== Task to carry out ==
Restate word for word the opening line of the data below and every line after it until the line with "Oława II Lock", that line too, but not the pictures.

[Records from a data source]
= = = = =

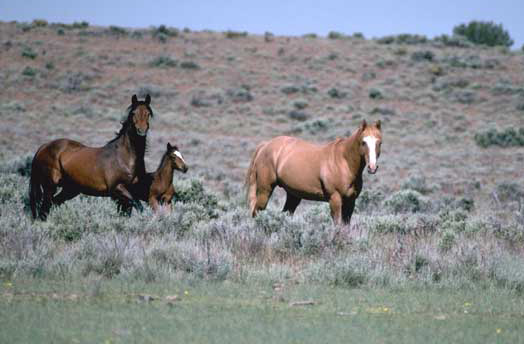 Wild stallion Lazarus and part of his band in West Warm Springs HMA, OR
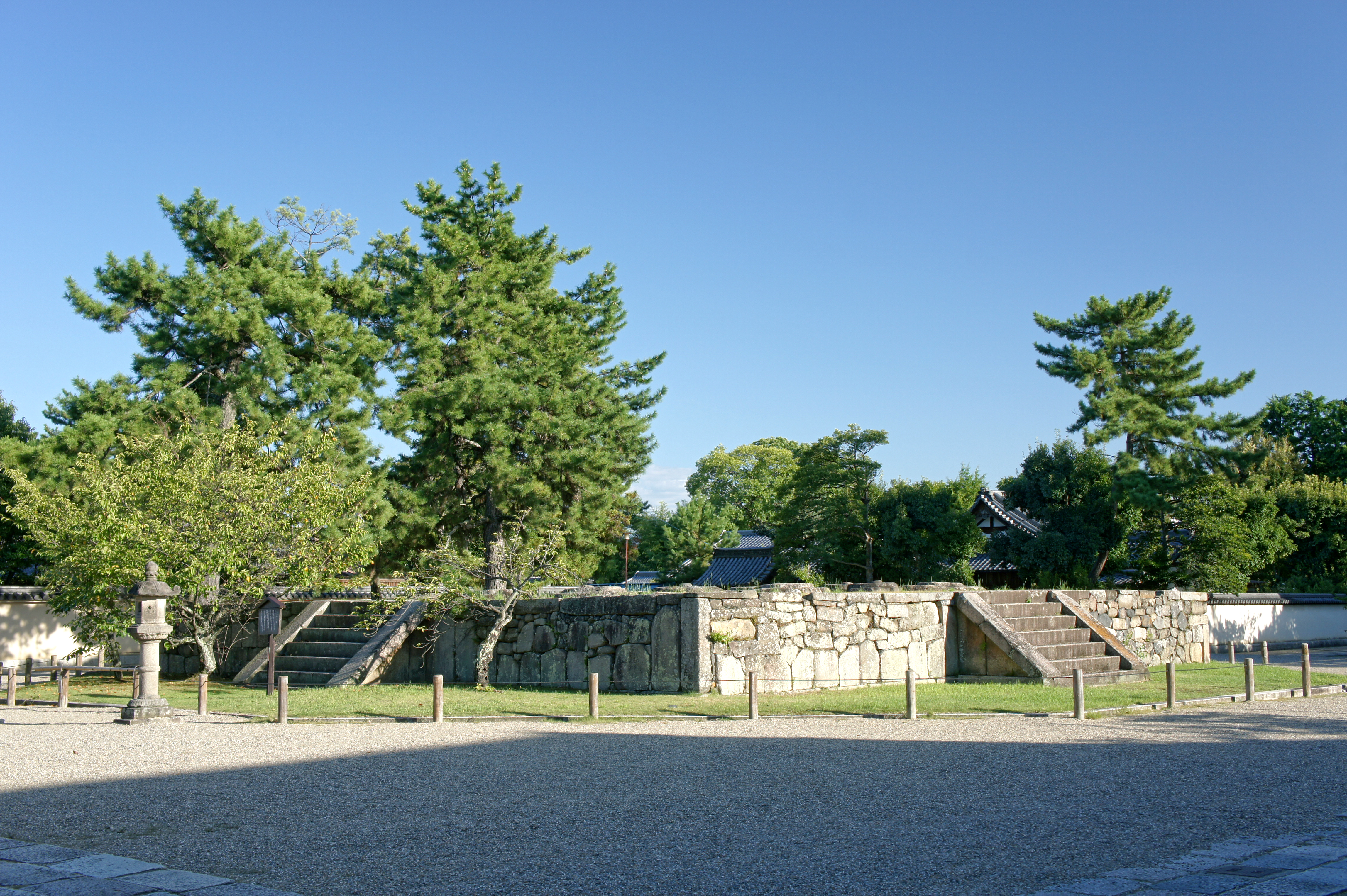 Saidai-ji in Nara, Nara prefecture, Japan.
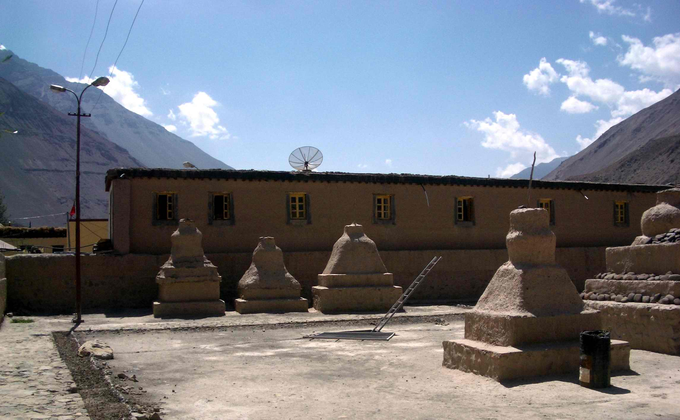 This photo was taken by myself at Tabo in 2004.
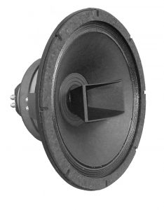 Current production version of the Altec 604 Duplex Loudspeaker by Great Plains Audio. Includes UREI-horn.
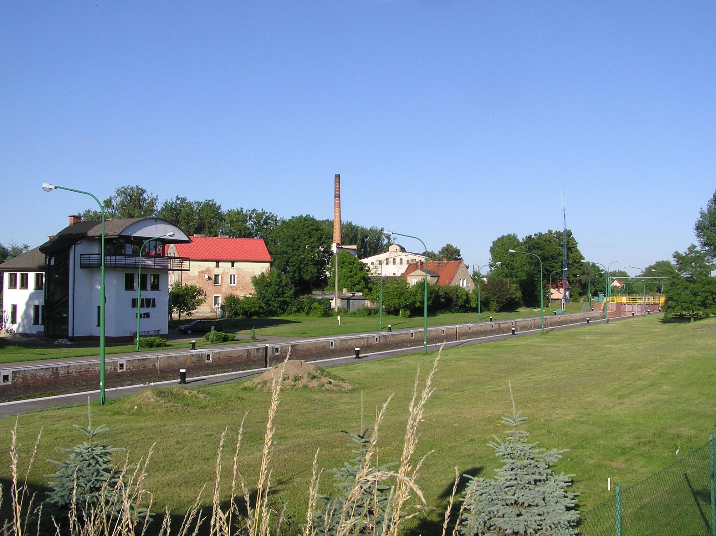 Oława II Lock
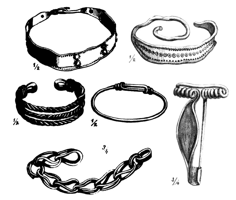 Archaeological finds Ancient Dacia; Silver treasure (Bronze Age) from Cerbal (Hungarian Cserbel, Romanian Cerbăl) Hunedoara county Romania It includes silver bracelets, fibulae and chain fragment
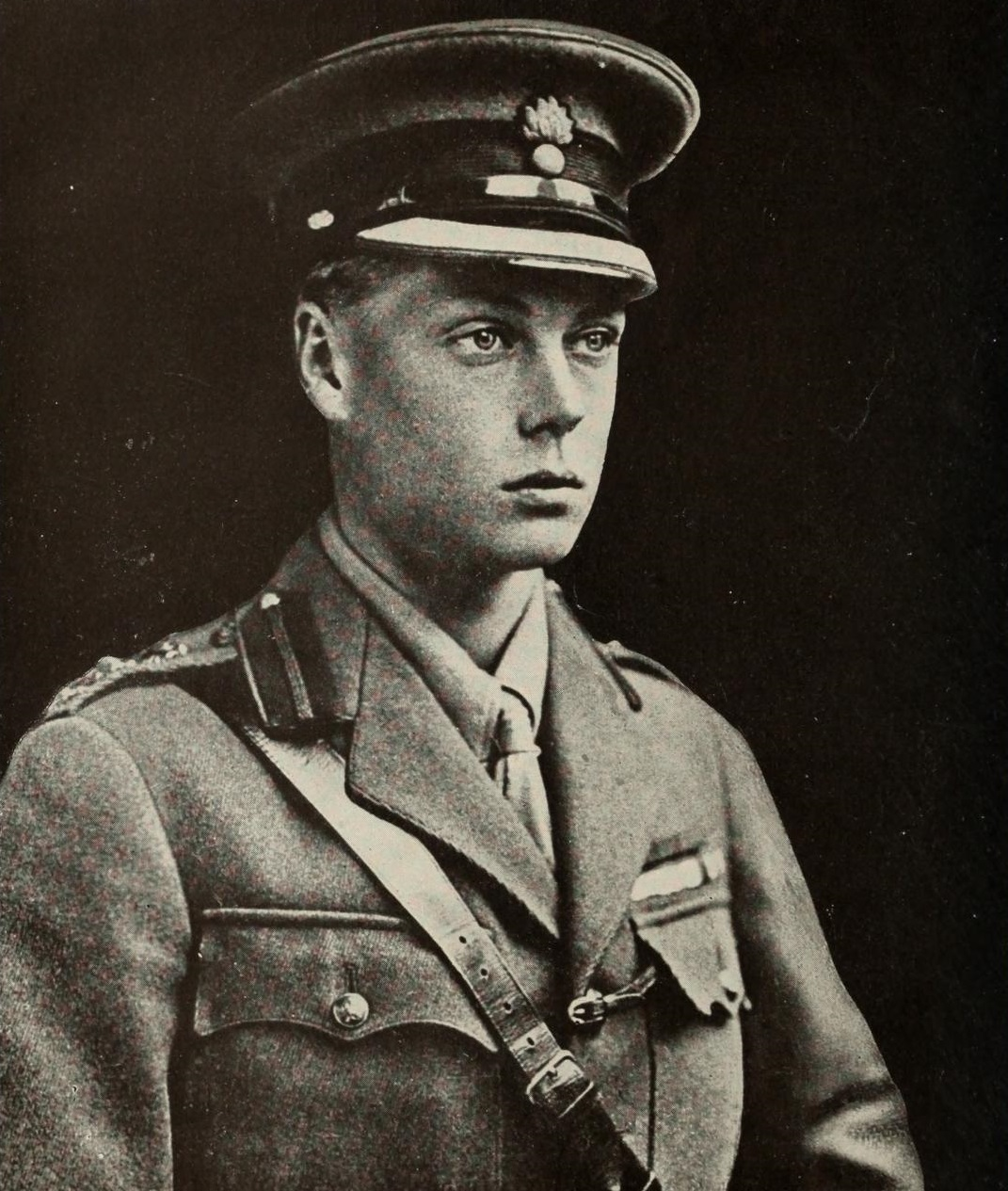 Portrait of Edward, Prince of Wales, later Edward VIII and Duke of Windsor
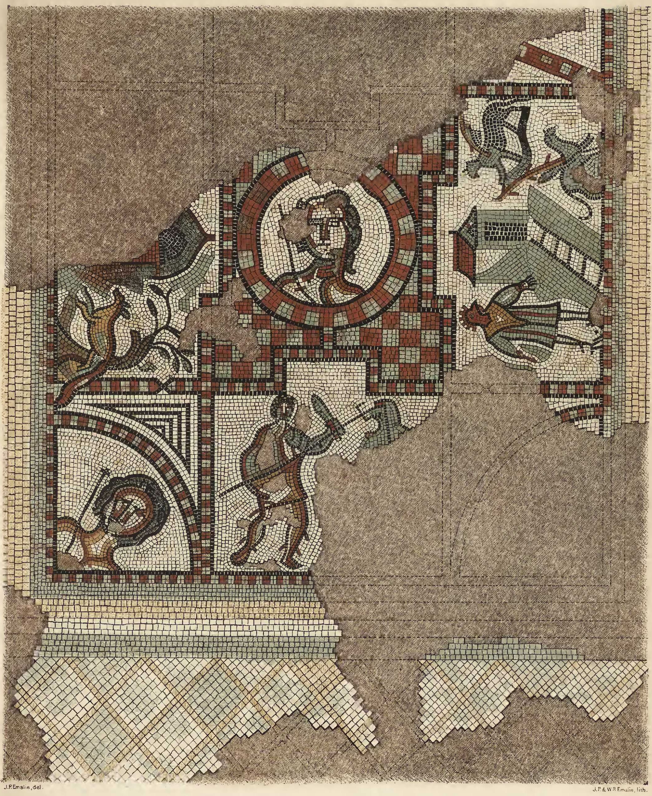 Mosaic found in the Roman villa at Brading
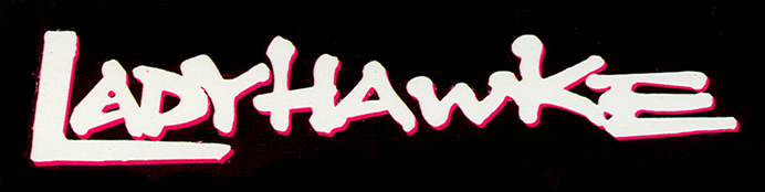 Title of movie Ladyhawke
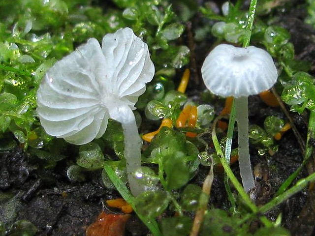 Delicatula integrella (Pers.) Fayod Location: Pokrovskoye-Streshnevo, Moscow, Russia For more information about this, see the observation page at Mushroom Observer.
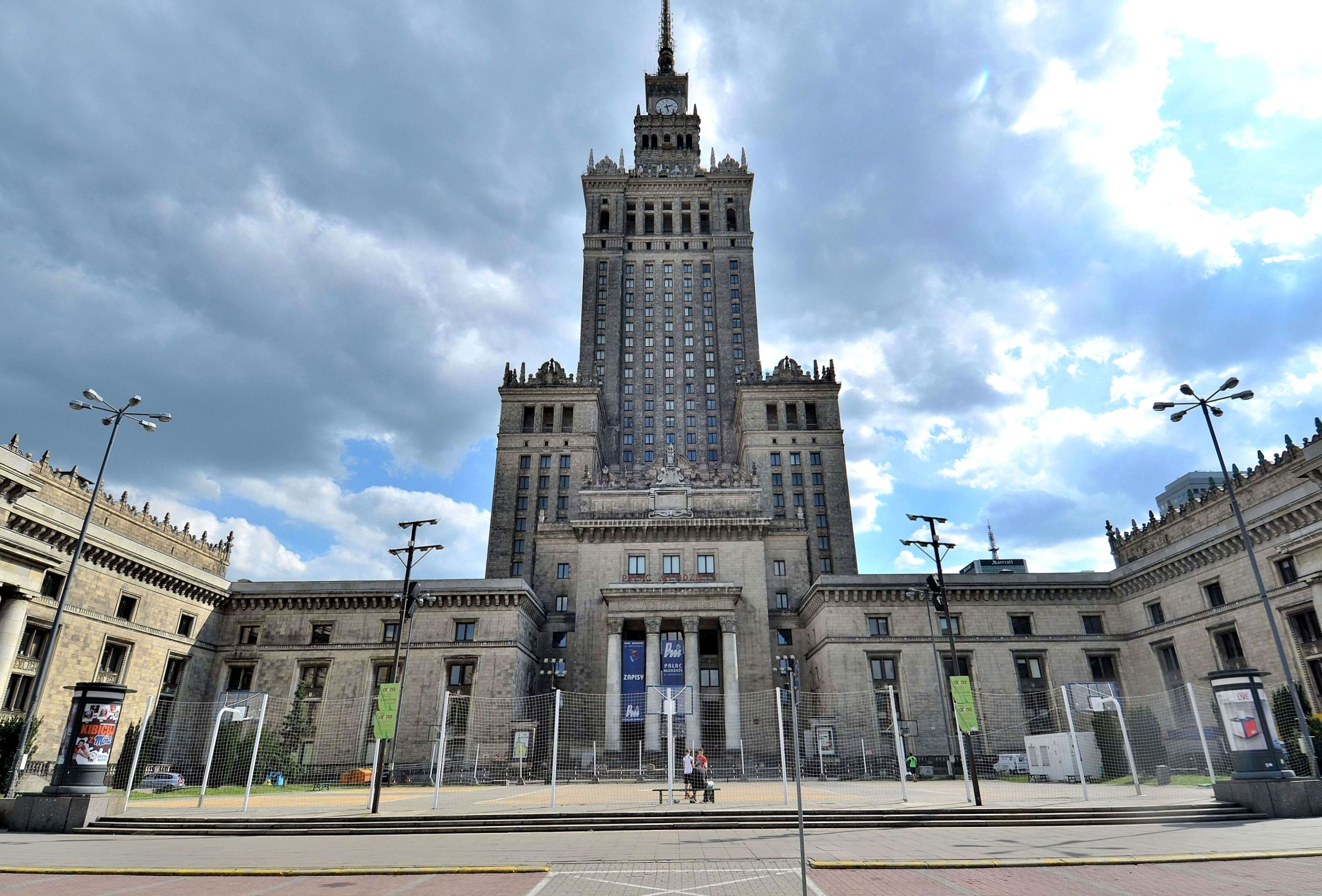 Palace of Culture and Science in Warsaw vieved from the north (Yount Palace) English | Polski | +/−

= = = = =

== Final answer ==
 Wild stallion Lazarus and part of his band in West Warm Springs HMA, OR
 Saidai-ji in Nara, Nara prefecture, Japan.
 This photo was taken by myself at Tabo in 2004.
 Current production version of the Altec 604 Duplex Loudspeaker by Great Plains Audio. Includes UREI-horn.
 Oława II Lock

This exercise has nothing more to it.